### TASK ITEM
Reproduce everything from the line that contains "5月11日,水产养殖学教工党" down to the line that contains "Geberit Smyle cm" in the listing below, word for word and nothing more. Leave the pictures out.

### MATERIAL FOR THE TASK
↓

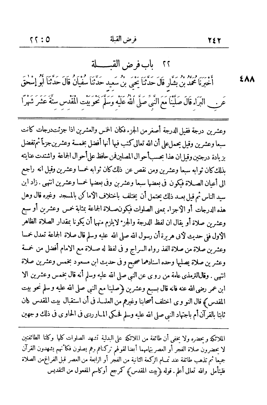 [488] صَلَّيْنَا مَعَ النَّبِيِّ صَلَّى اللَّهُ عَلَيْهِ وَسَلَّمَ نَحْوَ بَيْتِ الْمَقْدِسِ قَالَ النَّوَوِيُّ اخْتَلَفَ أَصْحَابُنَا وَغَيْرُهُمْ مِنَ الْعُلَمَاءِ فِي أَنَّ اسْتِقْبَالَ بَيْتِ الْمَقْدِسِ كَانَ ثَابِتًا بِالْقُرْآنِ أَمْ بِاجْتِهَادِ النَّبِيِّ صَلَّى اللَّهُ عَلَيْهِ وَسَلَّمَ فَحَكَى الْمَاوَرْدِيُّ فِي الْحَاوِي فِي ذَلِكَ وَجْهَيْنِ
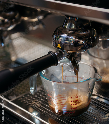 Espresso brewing into Pyrex measuring
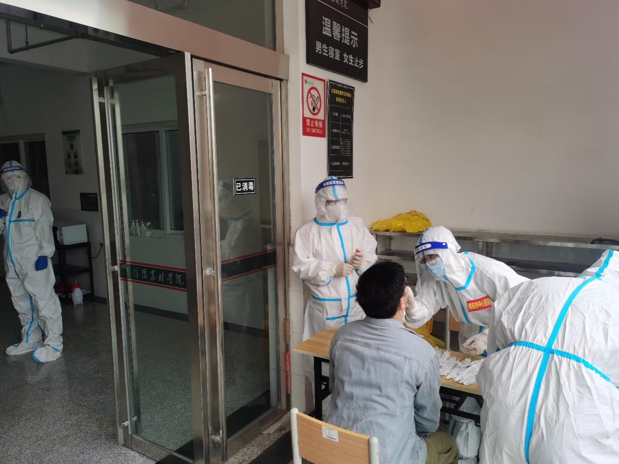 5月11日,水产养殖学教工党支部党员冯德祥、苏超群、伦峰、入党积极分子姜汉军全程参与20号学生宿舍楼核酸信息采集、维持秩序、志愿引导等工作,各司其职,相互配合,共同顺利圆满完成本次核酸检测志愿工作,用实际行动将党旗插在疫情防控最前线。
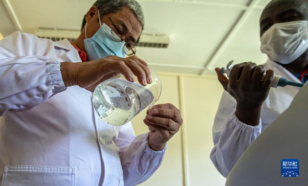 6月25日,在肯尼亚纳库鲁郡的埃格顿大学孔子学院,来自中国的农学教授刘高琼(左)和肯方工作人员一起做实验。
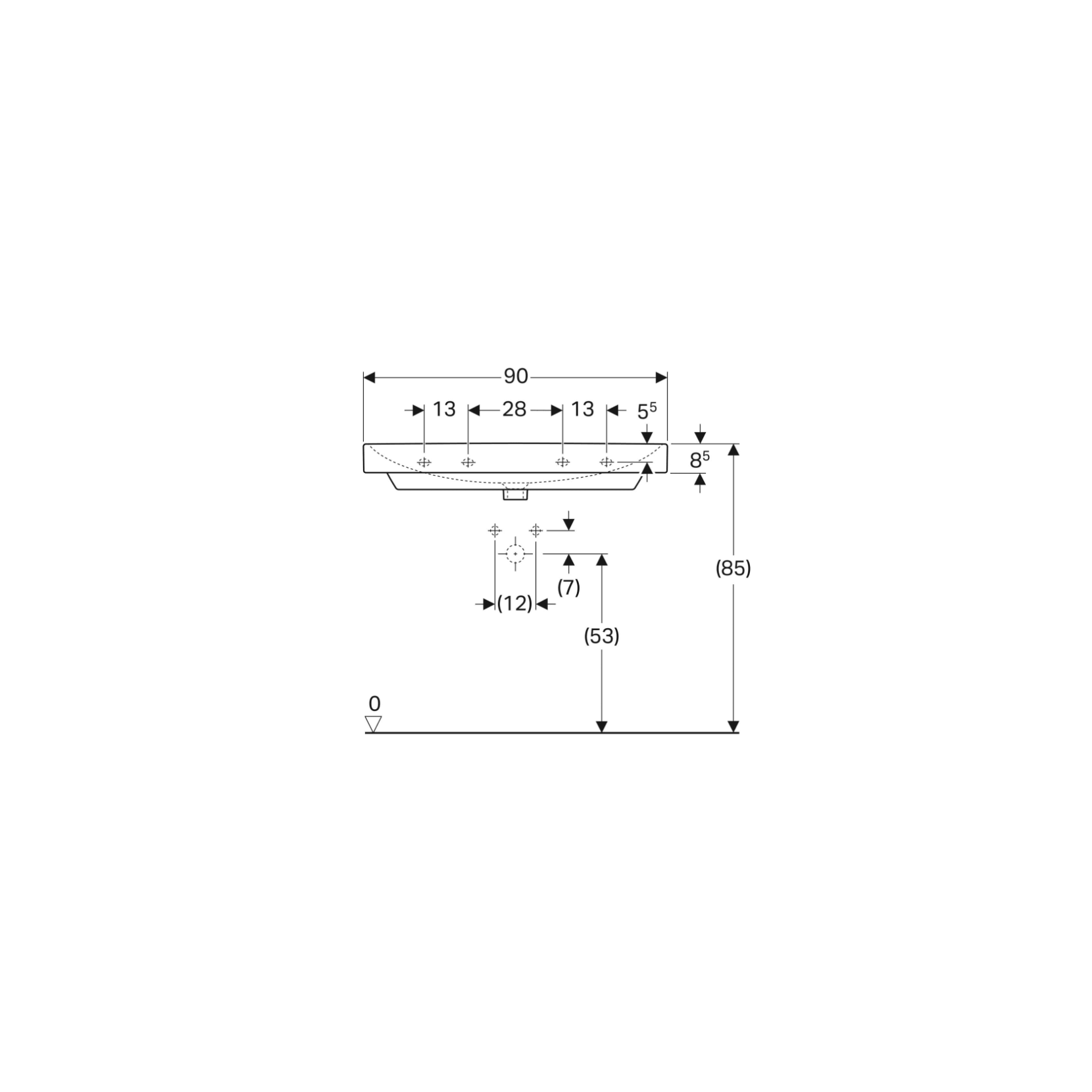 Geberit Smyle cm 90, Lavabo rettangolare senza foro rubinetteria
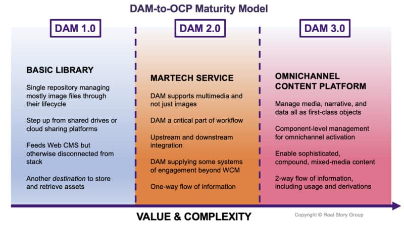 Ob es Ihnen gefällt oder nicht, der DAM-Markt ist im Hinblick auf die Fähigkeiten der Anbieter, jede dieser Phasen zu bedienen, ziemlich fragmentiert. Wir haben definitiv Fälle gesehen, in denen Unternehmensambitionen von ihrem etablierten DAM-Anbieter gedrosselt wurden. Aus dem gleichen Grund habe ich gesehen, dass Unternehmen diese Technologie überkaufen. Ein objektorientiertes DAM 3.0 (OCP)-Toolset bringt notwendigerweise viel kompliziertere Schnittstellen und Integrationsanforderungen mit sich, und ein Unternehmen, das auf diese Komplexität nicht vorbereitet ist, wird hier negative Renditen sehen.
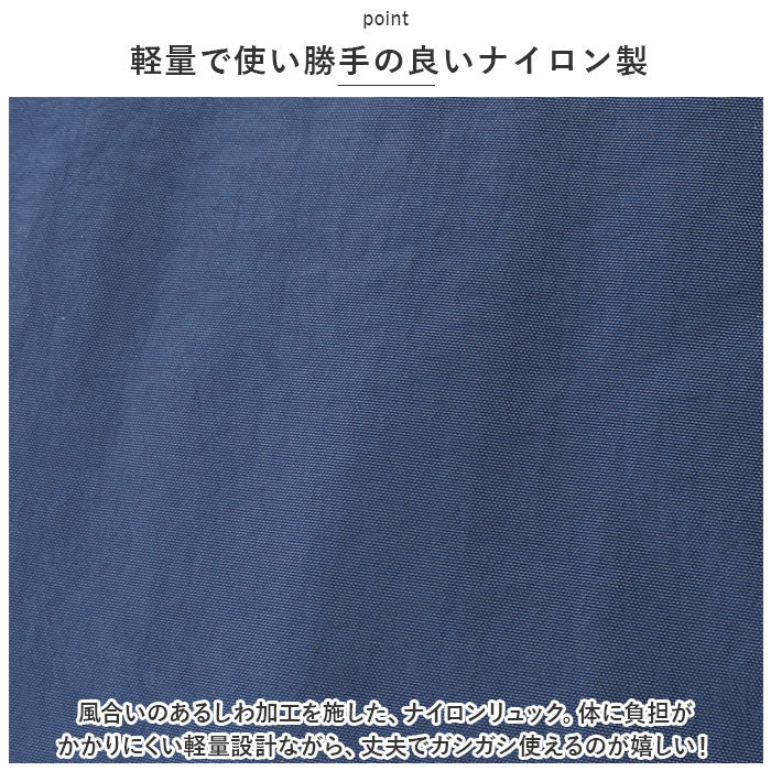 ・風合いのあるしわ加工を施した、ナイロンリュック。体に負担がかかりにくい軽量設計ながら、丈夫でガシガシ使えるのが嬉しい!
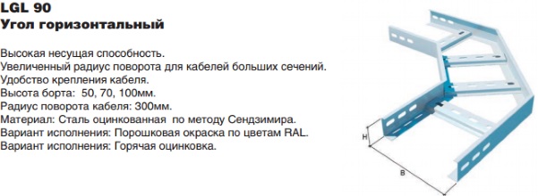 Угол горизонтальный 90' 70х500 для кабельного лестничного лотка код LO4463 артикул LGL90*70*500*1.2 вес 4,26 цена за шт. |
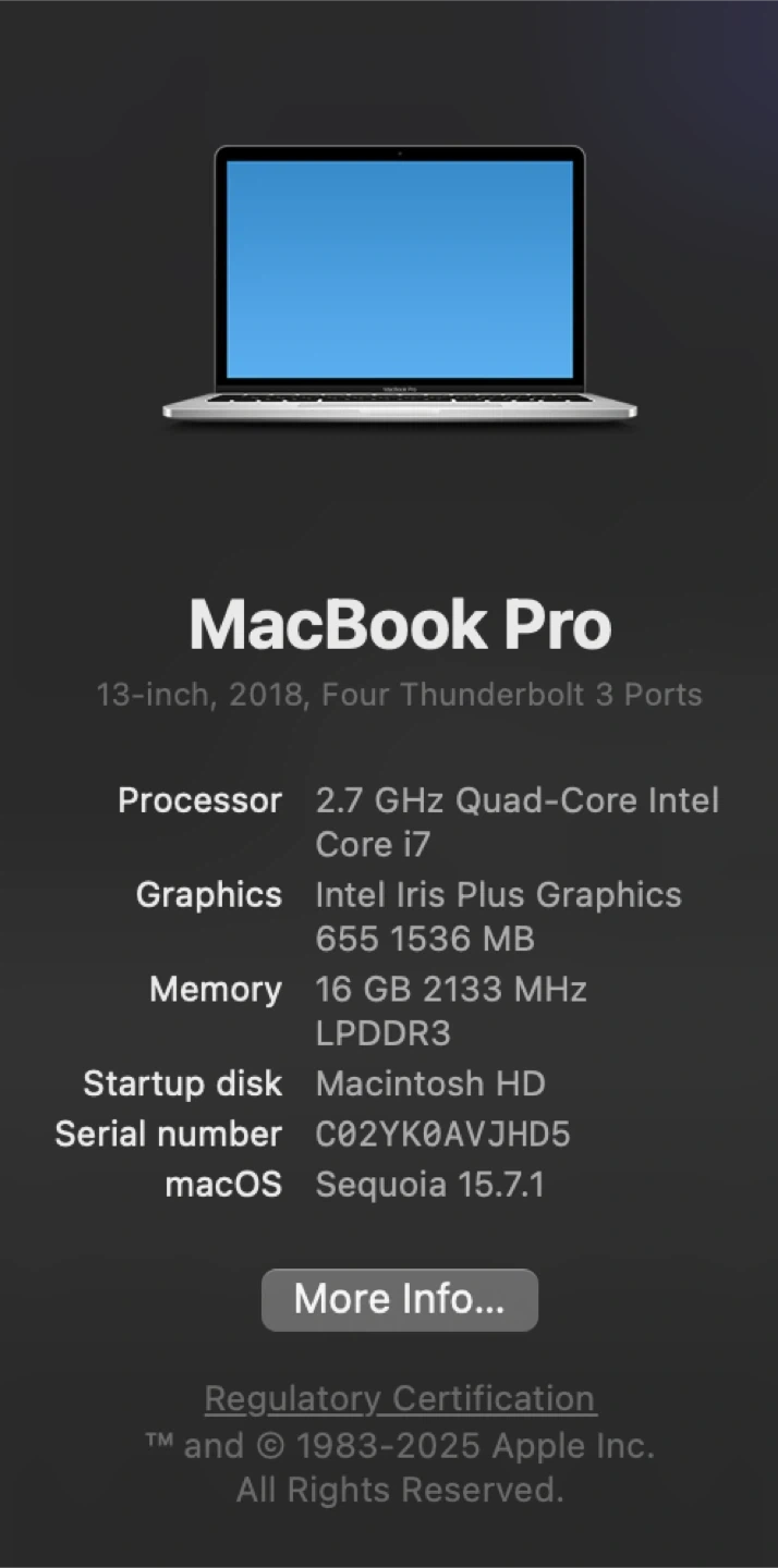 This MacBook Pro features a 13-inch display and 2018 model year. It's powered by a 2.7 GHz Quad-Core Intel Core i7 processor with 16 GB of RAM. The storage is a 256 GB SSD. It runs on macOS Sequoia 15.7.1.

↑

### ANSWER FOR THIS EXERCISE
 5月11日,水产养殖学教工党支部党员冯德祥、苏超群、伦峰、入党积极分子姜汉军全程参与20号学生宿舍楼核酸信息采集、维持秩序、志愿引导等工作,各司其职,相互配合,共同顺利圆满完成本次核酸检测志愿工作,用实际行动将党旗插在疫情防控最前线。
 6月25日,在肯尼亚纳库鲁郡的埃格顿大学孔子学院,来自中国的农学教授刘高琼(左)和肯方工作人员一起做实验。
 Geberit Smyle cm 90, Lavabo rettangolare senza foro rubinetteria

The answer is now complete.